We use the hand dexterity data to illustrate re-expressions.

```{r, fig.width=7, message = FALSE, warning = FALSE}
HandDexterity <- read_csv("http://nhorton.people.amherst.edu/is5/data/Hand_dexterity.csv") %>%
  janitor::clean_names() %>%
  mutate(dominant = ifelse(dominant == 0, "Dominant hand", "Non-dominant hand")) %>%
  mutate(dominant = as.factor(dominant))
# Figure 8.20, page 248
gf_point(time_sec ~ age_yr, color = ~dominant, data = HandDexterity) %>%
  gf_labs(x = "Age (yr)", y = "Time (sec)", color = "")
HandDexterity <- HandDexterity %>%
  mutate(speed = 1 / time_sec)
# Figure 8.21
gf_point(speed ~ age_yr, color = ~dominant, data = HandDexterity) %>%
  gf_lm() %>%
  gf_labs(x = "Age (yr)", y = "Speed", color = "")
```

```{r}
handlm <- lm(speed ~ age_yr, data = HandDexterity)
# Figure 8.22
gf_histogram(~ resid(handlm), binwidth = .0075, center = .0075 / 2) %>%
  gf_labs(x = "Residuals", y = "")
```

### Section 8.7: Finding a Good Re-expression

See the table and Figure 8.23 on page 250.  

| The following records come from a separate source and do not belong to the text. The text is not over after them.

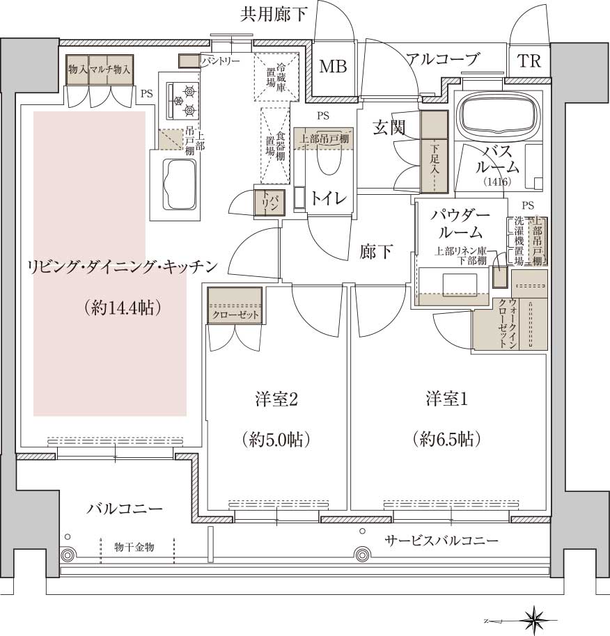 TR=トランクルーム、PS=パイプスペース、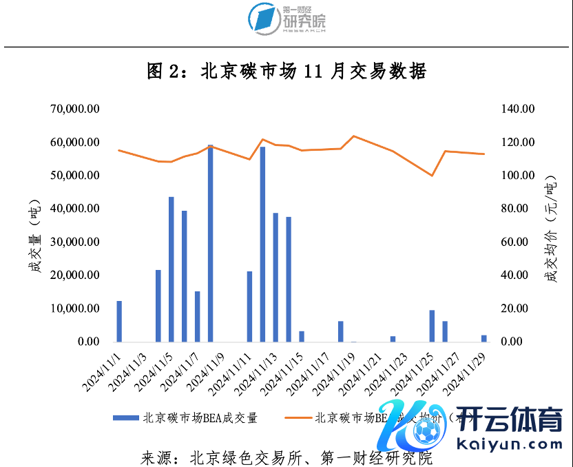 11月北京碳市集碳排放配额(BEA)成交量37.93万吨,成交额4368.79万元,成交均价115.18元/吨。11月临了一个交游日成交均价113.30元/吨,较10月临了一个交游日成交均价116.73元/吨下落2.94%。抑制11月30日,BEA累计成交量5764.98万吨(公开交游2073.98万吨,条约转让3691.00万吨),累计成交额31.05亿元。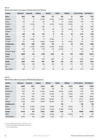 Table 29 Membership numbers by category of Membership (Engineers) Country
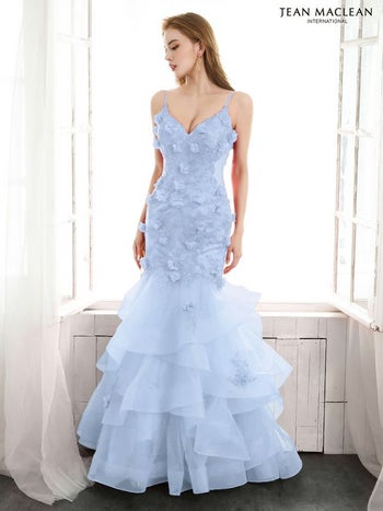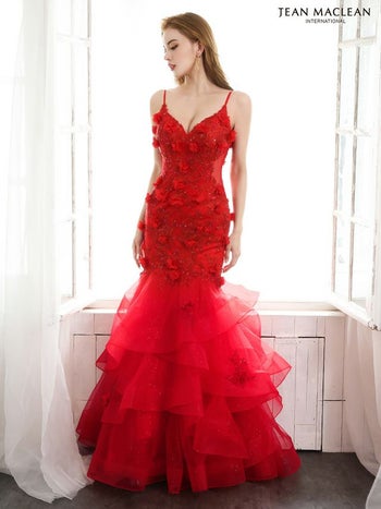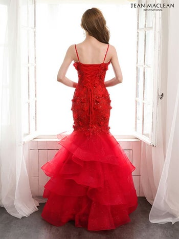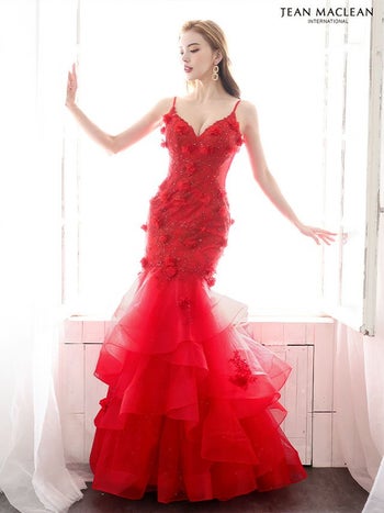 3. 【JEANMACLEAN/ジャンマクレーン】立体フラワー フリルレース ラメ マーメイド キャミソール バースデー タイトロングドレス(41592)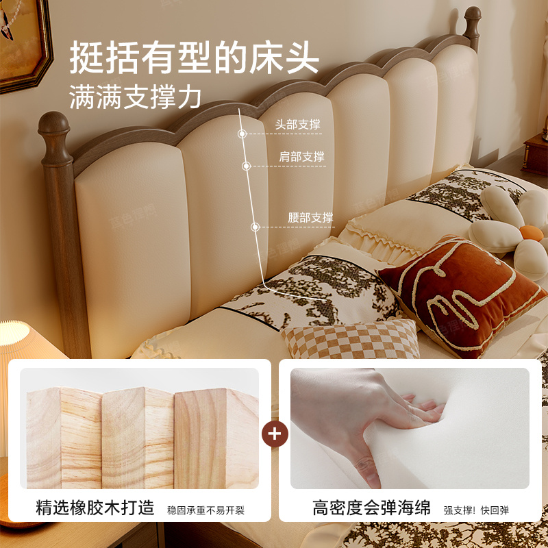 政府补贴蓝色理想中古风实木床法式 真皮面包1.8m复古大气双人床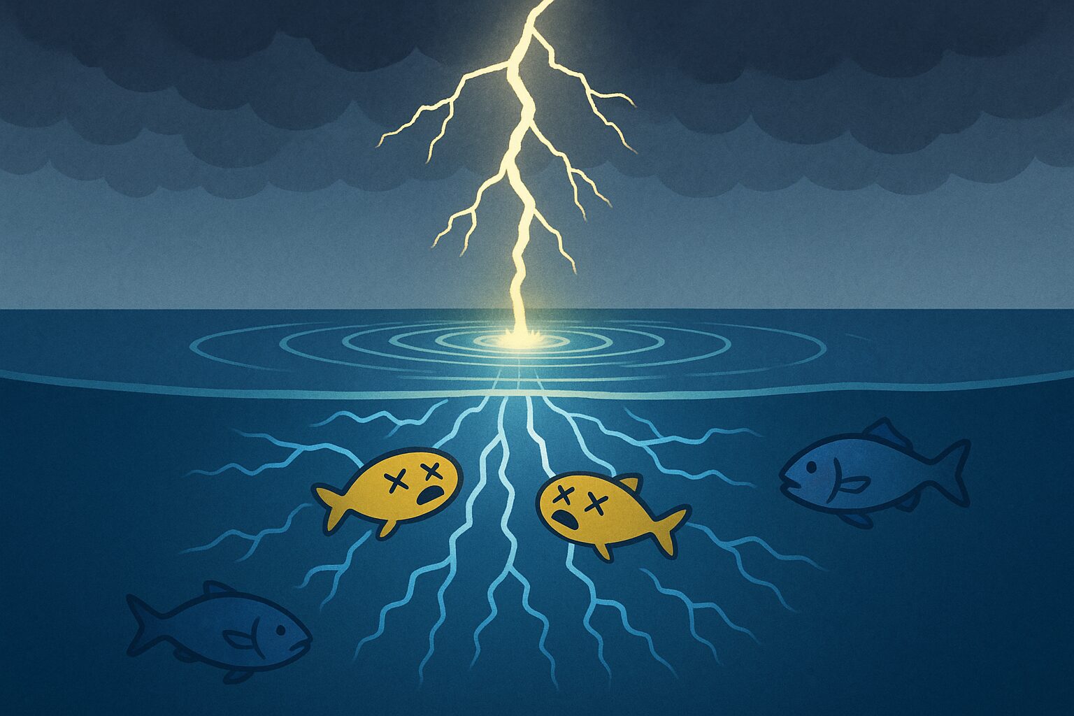 海に雷が落ちた場合、魚への影響は主に「電流の伝わり方」と「魚の位置(水深)」によって変わります。以下で詳しく解説します。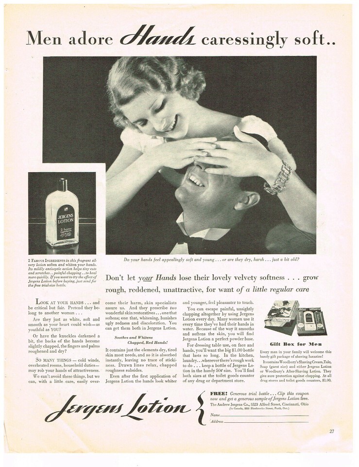 - 1932's JERGENS LOTION Art Décor Ephemera Print 30's Ad Vintage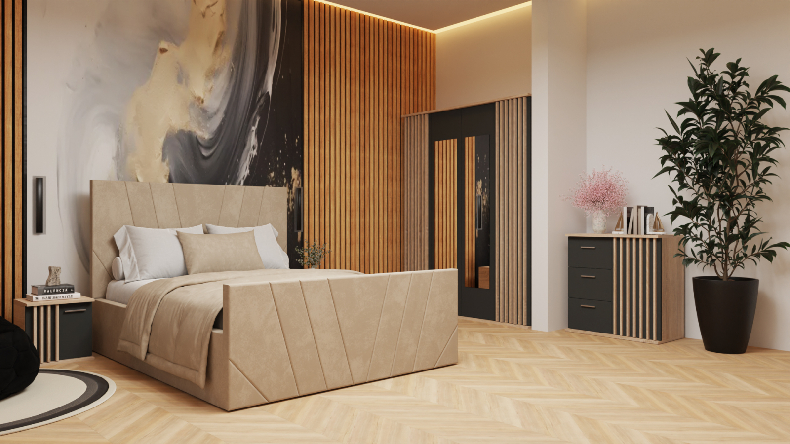 Dormitor: Dallas Cu Pat Tapitat Bej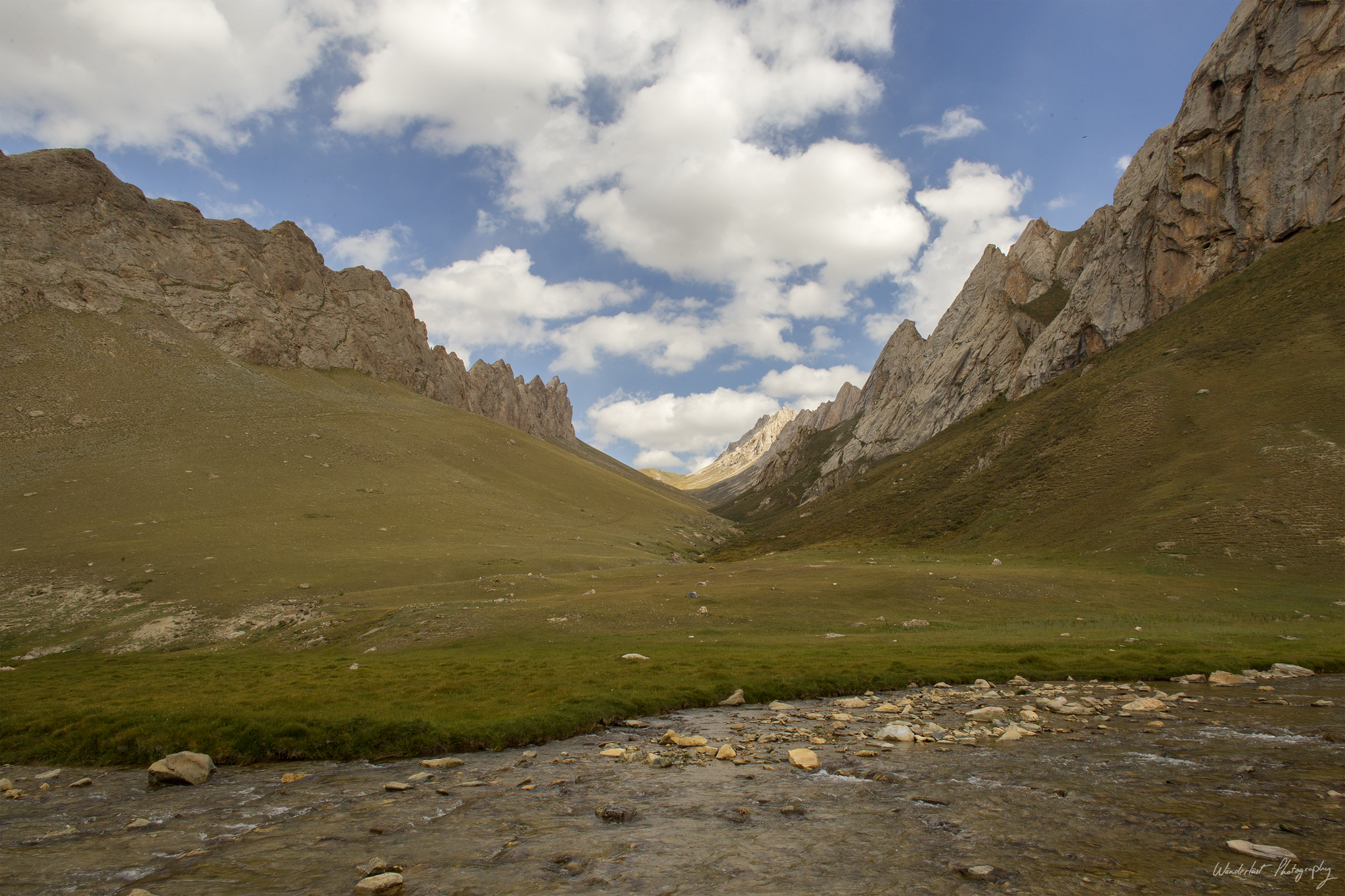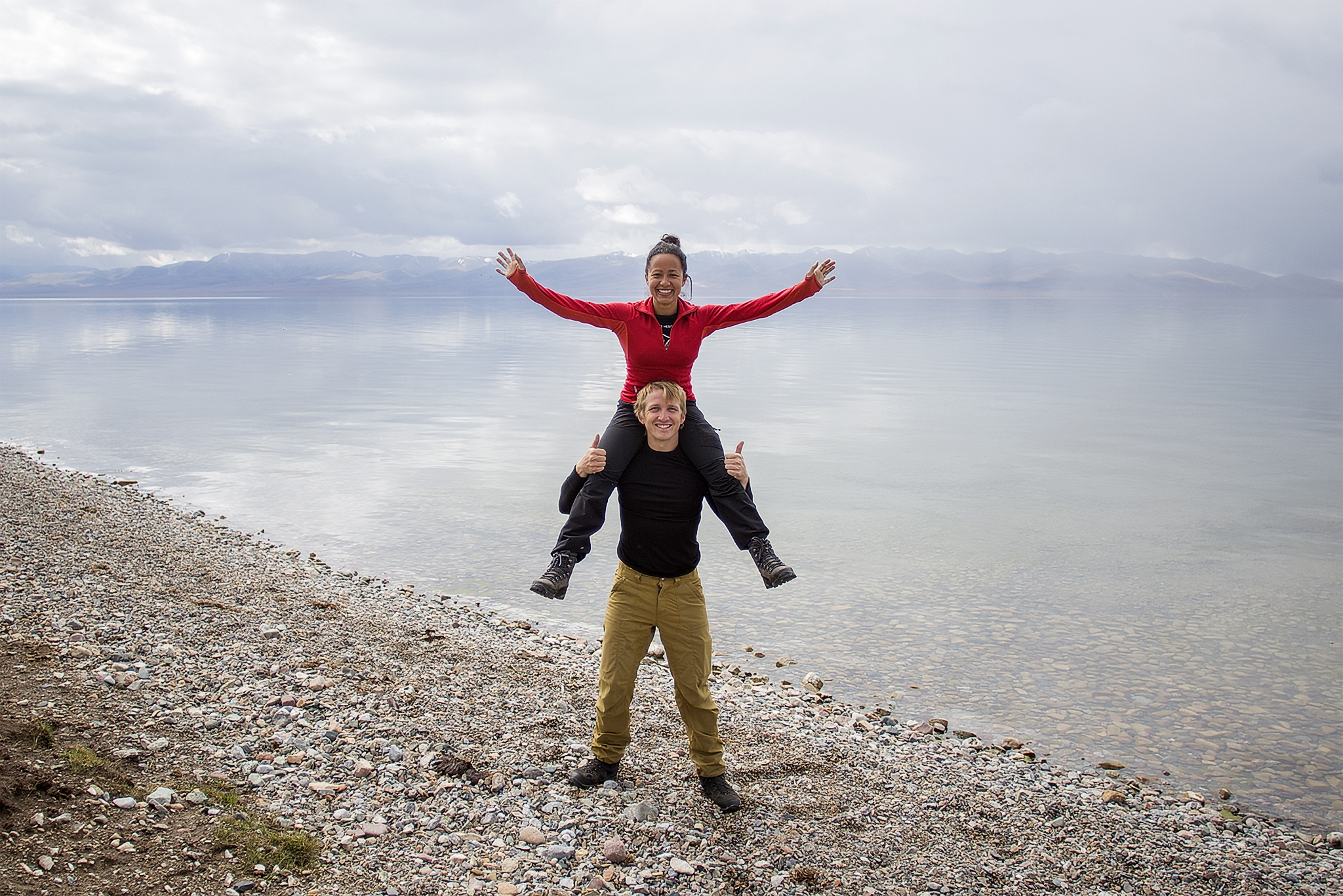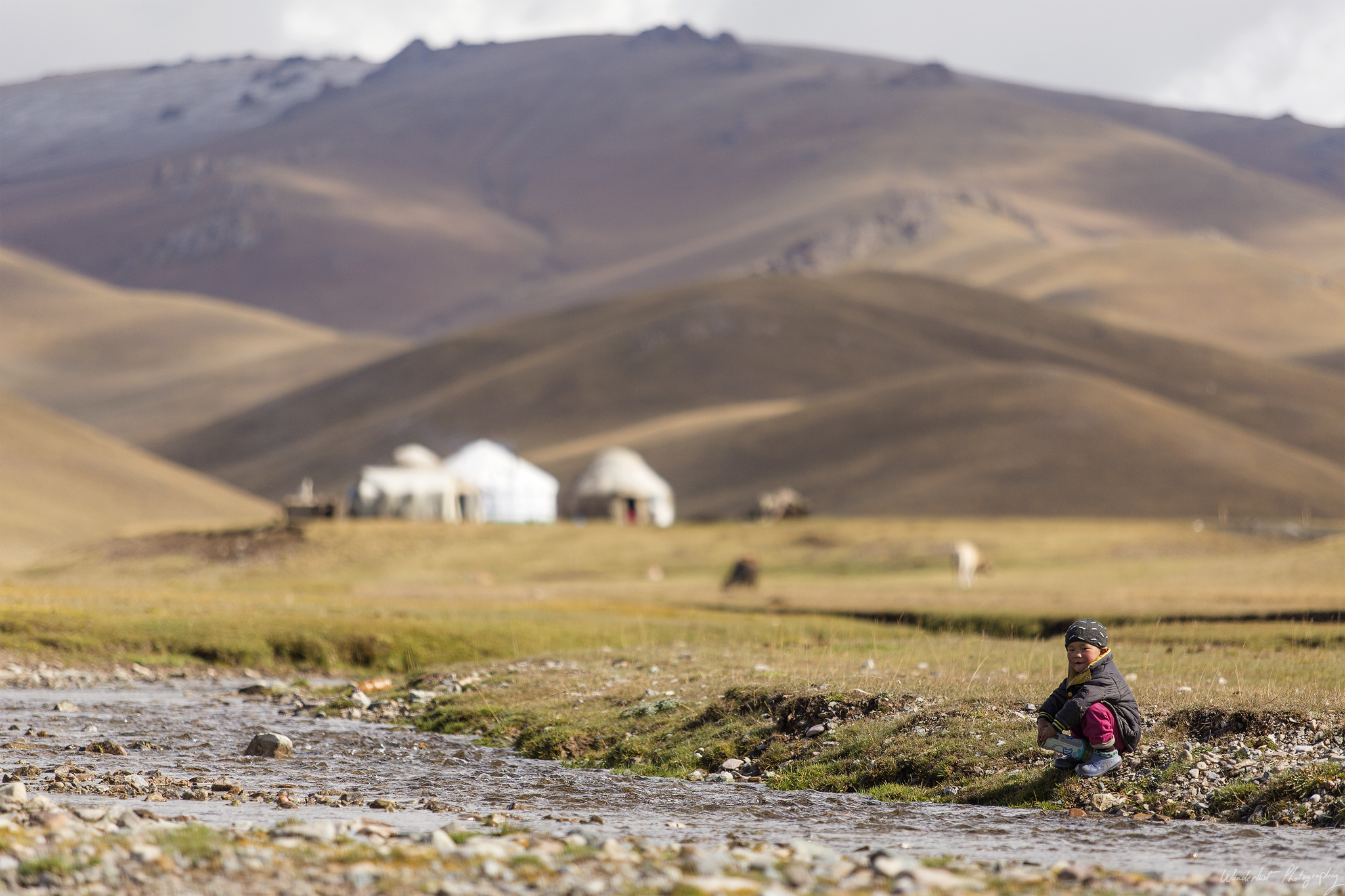 We woke up the next day to see the surrounding hills/mountains dusted with snow, a nice surprise. As we hadn’t been down to the lake yet, we walked down after lunch. On our way to the lake, a little nomad girl walked over to Tamar and took her hand not wanting to let go of it anymore she guided Tamar around. Eventually we crossed the small river and waved the little girl goodby. The water of the lake was crystal clear (and cold, of course) and some lovely views with the clouds over the water.

#### Step-By-Step Example: Re-Expressing to Straighten a Scatterplot

We can explore different re-expressions.

```{r}
gf_point(dive_heart_rate ~ duration_min, data = Penguins, xlab = "Duration", ylab = "DHR")
gf_point(resid(penguinlm) ~ fitted(penguinlm), data = Penguins) %>%
  gf_labs(x = "Predicted Values", y = "Residuals")
gf_histogram(~ resid(penguinlm), binwidth = 10, center = 5) %>%
  gf_labs(x = "Residuals", y = "# of Residuals")
```

Mutating with the square root:  

```{r}
gf_point((dive_heart_rate)^(1 / 2) ~ duration_min, data = Penguins) %>%
  gf_labs(x = "Duration", y = "sqrt(DHR)")
```

Mutating with a log:  

```{r}
gf_point(log(dive_heart_rate) ~ duration_min, data = Penguins) %>%
  gf_labs(x = "Duration", y = "Log (DHR)")
penguinlm2 <- lm(log(dive_heart_rate) ~ duration_min, data = Penguins)
gf_point(resid(penguinlm2) ~ fitted(penguinlm2)) %>%
  gf_labs(x = "Predicted Values", y = "Residuals")
gf_histogram(~ resid(penguinlm2), binwidth = 0.1, center = .025) %>%
  gf_labs(x = "Residuals", y = "# of Residuals")
```

Mutating with a (negative) reciprocal:  

```{r}
gf_point(-1 / (dive_heart_rate) ~ duration_min, data = Penguins) %>%
  gf_labs(x = "Duration", y = "-1/DHR")
penguinlm3 <- lm(-1 / (dive_heart_rate) ~ duration_min, data = Penguins)
gf_point(resid(penguinlm3) ~ fitted(penguinlm3)) %>%
  gf_labs(x = "Predicted Values", y = "Residuals")
gf_histogram(~ resid(penguinlm3), binwidth = 0.0025, center = 0.00125) %>%
  gf_labs(x = "Residuals", y = "# of Residuals")
```

The $-1/\sqrt{DHR}$ transformation follows the same process on pages 253-254.